Short-term exposures to particulate matter gamma radiation activities and biomarkers of systemic inflammation and endothelial activation in COPD patients
Introduction
Chronic obstructive pulmonary disease (COPD) is a progressive and debilitating chronic disease that affects more than 15.7 million people in the United States and was the fourth leading cause of death in the United States in 2016 (Croft et al., 2018; Wheaton et al., 2015). Biomarkers of systemic inflammation are elevated in COPD patients and associated with more severe disease and increased mortality (Agusti, 2005; Agusti et al., 2003, 2012; Mackay et al., 2016; Shaw et al., 2014; Su et al., 2016). Exposure to air pollution has be linked to increased levels of systemic inflammation (Jiang et al., 2016), especially in COPD patients who may also be more vulnerable to the detrimental effects of air pollutants (Garshick, 2014; Garshick et al., 2018; Heinrich and Schikowski, 2018).

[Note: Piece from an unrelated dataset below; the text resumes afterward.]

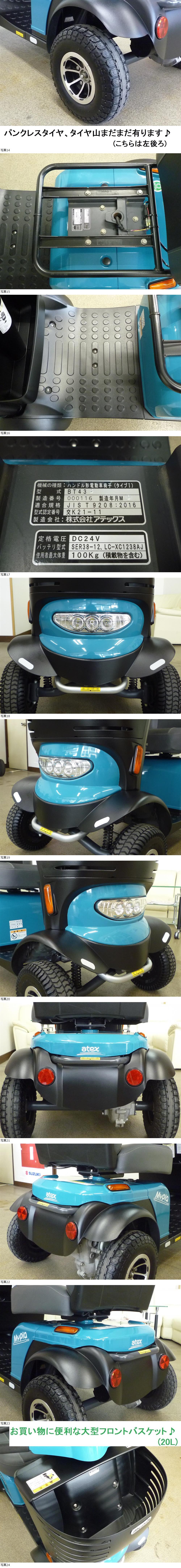 | 商品紹介 | ★★★完全売り切り致しますので宜しくお願い致します★★★ 下記詳細以外に気が付きましたら追記させて頂きますので、 オークション終了まで随時注意してご覧下さい。 四国・愛媛県松山市より★美車★出品です。 ★現車確認、試乗大歓迎です★ 現車確認、試乗は日曜、祝日と第1・第3・第5土曜日以外の 午前9時~午後19時の間に 弊社、店舗(松山市福音寺町488-4 1F Again株式会社)までお越し頂く様になります。 詳しくは質問欄よりお問合せ下さい。 中古車、現状渡しの為、なるべく現車確認をオススメします。 写真多数アップしてます。 こちら をクリックしてご覧下さい。 (約70枚アップしてます) 上記クリックで閲覧できない場合は、 下記リンクをコピー&ペーストして詳細写真ご覧ください。 https://www.dropbox.com/scl/fo/valpl582a2vfuvt3rzrzv/AH_g1Q_1MdI01lgQtkUDKJA?rlkey=zsxtl9oyvqwfhif0u4sfh5y77&st=u0xyo05d&dl=0 新車ワンオーナー まだまだ美車と言って良いレベルだと思います♪ 目立つ傷もありません。 ボディーの黒い部分は元々グレーに近い色ですが ブラックにコーティングしており、カッコよくなっていると思います♪ ハンドル部分も綺麗な方だと思います♪ 座席シートは多少使用感や汚れなどあります。 バッテリーも新品交換済で、まだまだ活躍してくれる1台となっております♪ 個人的主観もありますので、車体の状態は 詳細写真や現車確認にてご確認頂き、ノークレームにてご入札お願い致します。 音声案内タイプ♪ デジタル表示♪ バッテリー新品交換済♪ パンクレスタイヤのタイヤ山もまだあります♪ 即決特典有り♪(中古品ですがステッキホルダー取付てご発送) atex アテックス マイピア (シニアカー セニアカー 電動車 介護用品 四輪電動車いす) 型式 BT43 製造番号 000116 製造年月 2021年11月製 (2026年1月下旬時点で製造後4年2か月 走行距離760kmとなってます) カラー マリンブルー 青系 鍵は全部で2本あります。 電動車いす手引き(小冊子)、 印刷した取扱説明書もお付けします♪ 動作良好♪メンテナンス・清掃もしております♪ ★新品バッテリー交換済です(純正同等LONG製WP40-12NE) よって1回の充電で約5時間(約30km)、連続走行可能です。 (ご使用環境、季節等によって多少変動します) 満充電時はバッテリメータの残量を示すバーの数が5 本ですが 走行するにしたがい、右端から1 本ずつ消えていきます。 バッテリメーターのバー1本分で走行できる距離の目安は、 平坦な道路で約7.5kmです。 残り2本からは、バー1本分で走行できる距離は約3.5Kmです。 ●冬期はバッテリのはたらきが鈍るため、夏期にくらべて走行できる距離が、 2~3割短くなります。 ● 走行できる距離は、バッテリの劣化にともなって短くなります。 余り減ってない状態で毎回毎回充電するよりも、ある程度放電させた方が良い為 バーが2本減った位から充電するとバッテリーのモチが良いようです。 ★パンクレスタイヤ、前タイヤは後ろタイヤより減ってはいますがまだ有ります。 後ろタイヤはまだまだタイヤ山あります。 --------------------------------------------- ★即決特典有り★ 即決でご落札頂きましたら、中古ステッキホルダー(杖を入れれます)を 無料で車体に取付後お渡し致します。 基本的に左側に取付させて頂いてますので、 右側をご希望でしたら早々にお知らせ下さい。 (後に左右取付位置は変えれます) 新車販売価格398000円になりますので、 こちらのBT43型をご購入検討の方は大変お買い得の商品となります♪ 状態も良く、しかも送料込みで出品してます♪ 前進(全速度)、後進、ライト、音声案内、ホーン、音関係動作問題なし♪ ホーンボタンを押しながら、キーを入れるとメンテナンスモードが表示され 昼間点灯ボタンでモード変更できます。 そちらにて使用期間などご確認頂けます。 音量なども変更できます。 充電動作確認済(満充電OK)♪ 家庭用コンセントにて充電し使用します。 鍵を使用しなくても座席シート背面の手押しスイッチを押すと 手動で車体を動かせます。 (バッテリーの残量が有る状態のみ動かせます) ■寸法/全長1195×全幅650×全高1100mm ■シート寸法/全幅425×奥行395×全高480mm ■重量/99kg(バッテリー含む) ■速度(前進)km/h /0.5~6.0無段階 ■速度(後進)km/h /0.5~2.0無段階 ■実用登坂角度/10° ■段差乗越高さ/80以下mm ■溝乗り越え幅/120以下mm ■最小回転半径/1460mm ■連続走行距離/30km(最高速度、平坦路、新品バッテリー) ■使用者最大体重 100kg(積載物含む) 商品説明 ・ハンドル下に充電用プラグを内蔵!家庭用100Vコンセントにプラグを 差し込み充電が終わると自動停止します。 ・引上げ式アクセルレバーを採用。 ・フロント大型バスケットを標準装備。 タイヤの接地幅が従来より20㎜アップ! より安心してお出かけいただけます。 持ち上げハンドルが前後に付いてますので、専用のスロープ等ない場合も 持ち運びが便利です♪ 家庭用コンセントにて充電し使用します。 出品に辺り、清掃もさせて頂いております。 屋内にて駐車・保管して

In addition to air pollution, humans are exposed to ionizing radiation, including alpha, beta, and gamma radiation from the decay of radionuclides (EPA, 1972). Ionizing radiation can disrupt chemical bonds in the structural components of cells, damage molecules, and induce DNA strand breaks (Henner et al., 1982; Foray et al., 1999; Mishra, 2004). The largest sources of ionizing radiation are natural terrestrial and extra-terrestrial radiation sources (e.g., the decay of progenies of uranium-238, thorium-232 and potassium-40 in earth's crust and products of galactic cosmic rays) (EPA, 1972; Shahbazi-Gahrouei et al., 2013).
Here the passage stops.